Location
- Shkodra Albania
- Coordinates: 42°03′57″N 19°31′12″E﻿ / ﻿42.0658°N 19.5200°E

Information
- Type: Private secondary school
- Religious affiliation: Roman Catholic
- Denomination: Jesuit
- Established: 1877; 149 years ago
- Gender: Coeducational
- Former name: Shkoder Saverian College
- Website: meshkalla.edu.al

= Pjetër Meshkalla High School =

Pjetër Meshkalla High School (Shkolla e Mesme Pjetër Meshkalla) is a private Roman Catholic secondary school located in Shkodra, Albania.
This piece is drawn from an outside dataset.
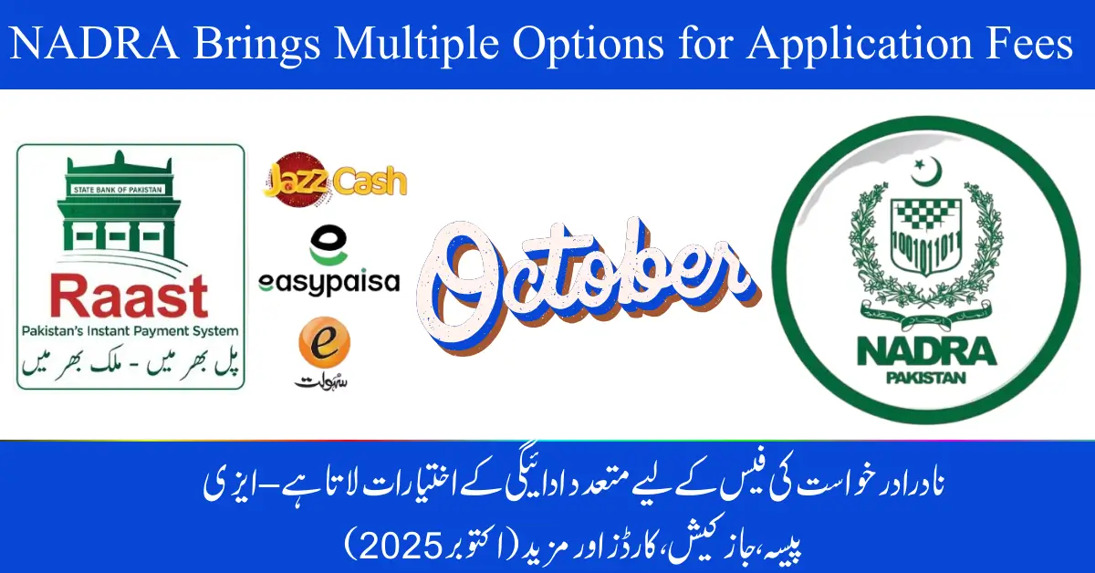 The National Database and Registration Authority (NADRA) has rolled out multiple payment options for application fees in October 2025. This new step aims to provide citizens with more flexibility, convenience, and ease in paying for their CNIC, B-Form, and other registration services.

Founded in 1877 by Jesuits from Sicily, the school is named for the Jesuit Peter Meshkalla, martyr of the Communist era. Shkodër Jesuit College was a Jesuit college in Shkodër, in northwestern Albania. The college has traditionally been an important centre of scholarly study into Albanian literature and language.

==History==
The beginning of the Jesuit presence in Albania was in 1841 with some Jesuits from Sicily, while Albania was still under the Ottoman Empire and lacked the boundaries it has today. Evangelism remained problematic but in 1854 the Office of the Vatican Missionary Bishops and Albanians opened a seminary in Shkodra for the southern Balkans, entrusted to the Italian Jesuits. The college was started in 1877, as a Xavier college (Kolegji Saverian).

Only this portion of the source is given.